Bob Dylan’s First Three-Disc Album — Triplicate — Set For March 31 Release
31 January 2017
Each disc to be presented in a thematically-arranged 10-song sequence, illuminating compositions from great American songwriters interpreted by Dylan through his artistry as a vocalist, arranger and bandleader.
(Columbia Records; New York, NY; January 31, 2017) A three-disc studio album from Bob Dylan,Triplicate, will be released on March 31, featuring 30 brand-new recordings of classic American tunes and marking the first triple-length set of the artist’s illustrious career. With each disc individually titled and presented in a thematically-arranged 10-song sequence, Triplicateshowcases Dylan’s unique and much-lauded talents as a vocalist, arranger and bandleader on 30 compositions by some of music’s most lauded and influential songwriters. The Jack Frost-produced album is the 38th studio set from Bob Dylan and marks the first new music from the artist since Fallen Angels, which was released in early 2016.
Triplicate will be simultaneously released in several configurations, including a 3-CD 8-Panel Digipak, a 3-LP vinyl set and a 3-LP Deluxe Vinyl Limited Edition packaged in a numbered case. Triplicate is also available for pre-order on iTunes, and one of its recordings, “I Could Have Told You,” can now be streamed via a “Vinyl Video” on YouTube. All physical products are also available for pre-order in the bobdylan.com store.
For Triplicate, Dylan assembled his touring band in Hollywood’s Capitol studios to record hand-chosen songs from an array of American songwriters including Charles Strouse and Lee Adams (“Once Upon A Time”), Harold Arlen and Ted Koehler (“Stormy Weather”), Harold Hupfield (“As Time Goes By”) and Cy Coleman and Carolyn Leigh (“The Best Is Yet To Come”). The titles of the individual discs are ‘Til The Sun Goes Down, Devil Dolls and Comin’ Home Late.
The artist’s two previous albums of classic American songs, last year’s Fallen Angels and 2015’s Shadows in the Night, were both worldwide hits and garnered Grammy Award nominations in the category of Best Traditional Pop Vocal Album. Fallen Angels achieved Top Ten debuts in more than a dozen countries, including the United Kingdom, the United States, Italy, The Netherlands and Austria, while Shadows in the Night debuted in the Top 10 in seventeen countries, with #1 debuts in the United Kingdom, Ireland, Sweden and Norway.

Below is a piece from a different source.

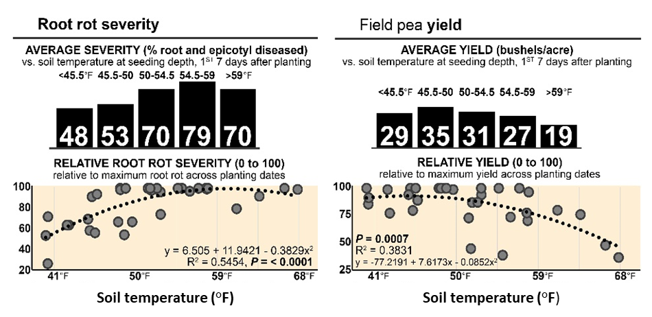Planting field pea early conferred average yield gains of 4 to 8 bushels/acre across multi-year, multi-location studies conducted in fields with significant Aphanomyces and Fusarium root rot pressure. In planting date studies conducted from 2017-2020 at Carrington and on-farm sites in west-central and northwestern North Dakota, root rot increased sharply with delays in planting. Root rot severity was minimized when peas were planted into soils that averaged (across day and night) less than 50°F at 2 inches seeding depth in the 7 days after planting (Figure 1). Consequently, yield also improved. Planting within these target soil temperatures is possible with knowledge of current daytime and nighttime temperatures combined with the current 7 to 10-day forecast.
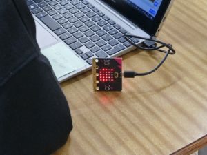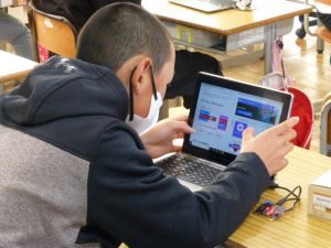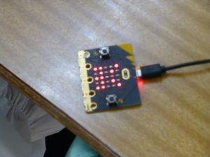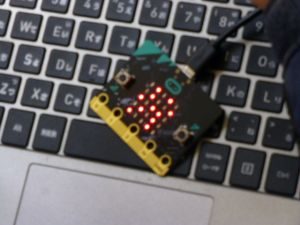 6年生がマイクロビットを体験しました。プログラムを組むことで、自由自在に光を表示させることができることの装置を使った活動に、子どもたちは夢中になって取り組んでいました。とても「今らしい」学習活動だなと感じました。

Both albums received worldwide critical acclaim, with Randy Lewis writing of Fallen Angels inThe Los Angeles Times, “[Dylan] immediately liberates songs from the big band/big orchestra world from which they emerged, and in which they are most frequently revisited…. [He] reaches to the blues at the core of many of these songs. Thus, they elicit the ache of romantic yearning and loss that often gets subsumed by swelling orchestral forces, background choirs or by singers who are more focused on crafting elegant vocals than finding emotional resonance.”
The Telegraph’s Neil McCormick awarded Shadows in the Night five out of five stars and described the work as “spooky, bittersweet, mesmerizingly moving [with] the best singing from Dylan in 25 years.” Jon Pareles wrote of that album in the New York Times, “Mr. Dylan presents yet another changed voice…a subdued, sustained tone….Shadows in the Night maintains its singular mood: lovesick, haunted, suspended between an inconsolable present and all the regrets of the past.”